И так эта успокоительная точность соблазнила г-на Шенгели, что он ради ее достижения обошелся даже жестоко с некоторыми звуками. “Твердые и мягкие знаки, удвоенные согласные и “й” краткое, – говорит он, – в счет не вошли”. Ну их… Хотя немножко жалко – ведь “й” краткое (латинская йота) есть полноправный согласный звук, и нерукотворный звучит совсем не так, как нерукотворны, – зато мы узнаем интереснейшие вещи: “у Пушкина в первой строфе преобладает группа н-р-т, во второй – в-т-н, в третьей – в-л-н, в четвертой – в-х-р, в пятой – в-л-р. У Брюсова, соответственно – с-т-в, в-д-р, с-т-р, с-т-в, з-в-н, с-л-в. Основной буквой для того и другого является следовательно «в»”. Что ж, “в” так “в”; нам, казалось бы, и все равно: ничего из этого “в” ни для Пушкина, ни для Брюсова не выжмешь.

Но это, пожалуй, потому, что г. Шенгели еще скромен. Другие в своей решительности идут много далее…»
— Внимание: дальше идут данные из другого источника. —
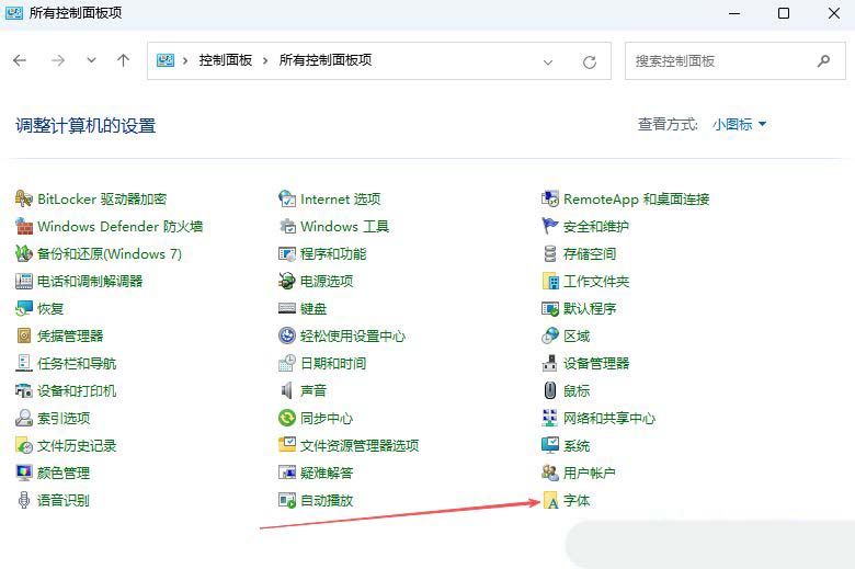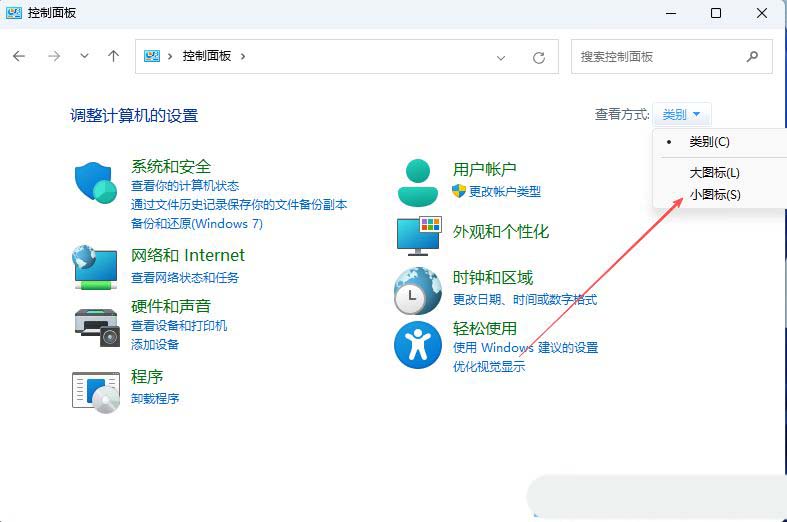 1、首先,打開Win11系統(tǒng)的控制面板界面,并設(shè)置“查看方式”為“小圖標(biāo)”。

И действительно, идут. Аркадий Меримкин всего лишь только иронизирует, хотя и не отрицает наличия у автора некоего таланта, в то время как некоторые буквально с остервенением вгрызаются в его плоть зубами, стараясь растерзать его в клочья. Вот перед нами письмо ректора Литературного института Валерия Яковлевича Брюсова в редакцию журнала «Печать и революция» в виде ответа на рецензию Сергея Боброва о книгах Б. Томашевского и Г. Шенгели по стиховедению, в котором он, защищая их от необоснованных нападок, пишет: «Вместо того, чтобы ознакомить читателя с вопросом, ему незнакомым, стиховедением, и показать, почему тот же Г. Шенгели, по его, Боброва, мнению, разрешает их не верно, – рецензент довольствуется тем, что хлещет этого Шенгели ругательными словами “и в хвост и в гриву”. “Определение ритма (у Шенгели) никуда не годится”, говорит С. Бобров. Какое определение? Почему оно никуда не годится? – Да вот С. Бобров заявил, и баста! “Совершенный вздор начинается, как только Шенгели отваживается переплыть фонетику”. Какой вздор? Читателю только бегло сообщили, что, например, Шенгели говорит о “фонофории”. Чудовищно, а далее следуют одни ругательства: “квалифицированно надутый вздор”, “сплошное дилетантство”, “ровно ни на что не годится”, и тому подобное. Еще дальше рецензент утверждает: “Шенгели не понимает”, “Шенгели в голову не приходит”, и весьма осуждающе книги Шенгели о стихосложении сравнивает с сочинениями Рейсбрека, который, кстати, обозван “полоумным монахом”. Все это не рецензия, и все это, по терминологии самого С. Боброва, “ровно ни на что не годится”».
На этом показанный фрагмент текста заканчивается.